La mobilisation populaire ne semble pas faiblir à Béjaia et ailleurs. Comment le mouvement de contestation a-t-il évolué ces dernières semaines ?
Il faut rappeler que Béjaia et sa région n'ont pas attendu le 22 février pour exprimer leur rejet de ce système autocratique, corrompu négateur des libertés fondamentales, vertus cardinales de la démocratie. Depuis au moins 2014, au moment de la campagne du 4ème mandat de Bouteflika, cette région est devenue le sanctuaire de la contestation citoyenne. Ce n'est pas par hasard que c'est à partir de Kherrata (commune située à environ 60 kms de la ville de Béjaia, à l'est d'Alger, le 16 février qu'est parti l'étincelle qui a embrasé tout la pays le 22 février. Depuis, le mouvement ne cesse de s'amplifier. Ces dernières semaines, le mouvement à Béjaïa et dans tout le pays a gagné en maturité, dans son organisation, dans le choix des slogans et au niveau des propositions de sortie de crise. Raisons pour lesquelles la contestation a résisté à tous les coups de boutoirs du régime qui avait parié sur son essoufflement.
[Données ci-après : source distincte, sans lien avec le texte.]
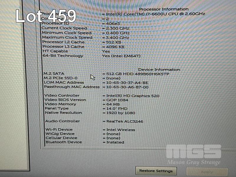LAPTOP, DELL LATITUDE 7480, CORE i7 6600U (6TH GEN) @ 2.6GHz, 16GB DDR4 RAM, 512GB M.2 SSD, 14" WIDESCREEN (1920x1080), INTEL HD GRAPHICS 520, Wi-Fi, BLUETOOTH, WINDOWS 10 HOME INSTALLED & POWER SUPPLY S/N:9Y61RN2

Comment expliquez-vous cette forte mobilisation inédite dans l’histoire de l’Algérie qui dure depuis plus de 6 mois ?
En effet, nous sommes en phase insurrectionnelle pré révolutionnaire, jamais connue depuis l'indépendance du pays. Le régime algérien issu du coup d'État de l'armée des frontières, a jusque là, survécu à toutes les tentatives de remise en cause de cette ordre inique qui a ruiné le pays. Les révoltes populaires qui avaient émaillé le long cheminement des luttes citoyennes, ont eu le mérite certes, de fissurer le monolithisme de la citadelle du régime, mais dans tous les cas, celui-ci a su se régénérer grâce notamment, à l'utilisation de la manne pétrolière et au recours à la répression. Aujourd'hui, l'accumulation des luttes citoyennes et le spectre que représentait l'humiliation de la perspective du 5ème mandat, ont été les éléments déclencheurs de la plus grande insurrection citoyenne post indépendance. Le caractère pacifique des manifestants, pratiquement inédit de par le monde, a surpris aussi bien le régime que l'opinion internationale. La pouvoir qui avait tablé comme à son habitude, sur la répression, s'est vu pris au piège par cette révolution du sourire. Une révolution de nature pacifique, mais résolument déterminée à faire aboutir ses revendications de départ sans concession du système avec son personnel, ses pratiques et ses symboles. Le mot d'ordre "Itnahaw GAA" (ils dégageront tous) étant devenu une exigence patriotique non négociable.
Comme il est loisible de le constater, en 6 mois de manifestations ininterrompues, la détermination et la mobilisation sont toujours là. Ni les arrestations et intimidations, ni le Ramadan où les chaleurs caniculaires sur lesquels misait le pouvoir, ne sont venus à bout de ce souffle révolutionnaire.

En matière d’alternatives, quels sont les projets politiques qui se dessinent dans la société civile bougiote ?
A instar de tout le pays, les propositions de sortie de crise à Béjaïa, recoupent pour l'essentiel, celles de tous les patriotes engagés dans cette œuvre commune de reconstruction d'une Algérie nouvelle. Une Algérie basée sur des fondements démocratiques et républicains, attaché aux valeurs universelles, où seront clairement définis, la nature du régime, la place de la religion, le statut de la femme, l'identité nationale, la justice sociale et la primauté du civil sur le militaire telle qu'énoncé dans la plate forme de la Soummam. De même qu'il s'agit d'envisager une refondation politico-administrative qui tienne compte des spécificités culturelles et géographiques de chaque région du pays, à l'instar de l'organisation politico-militaire qui avait permis l'indépendance du pays. En gros, sortir de l'État jacobin outrageusement centralisé et qui est à l'origine de l'impasse actuelle. Pour ce faire, nous préconisons une phase de transition, période à laquelle il sera procédé au démantèlement des instruments politico-mafieux de l'ancien régime et son remplacement par un nouveau dispositif institutionnel à travers un dispositif constituant, dont les mécanismes seront déterminés à l'occasion de la tenue d'une conférence de consensus nationale. Ce n'est qu'une fois ce socle mis en place, qu'il sera envisagé le retour au processus électoral.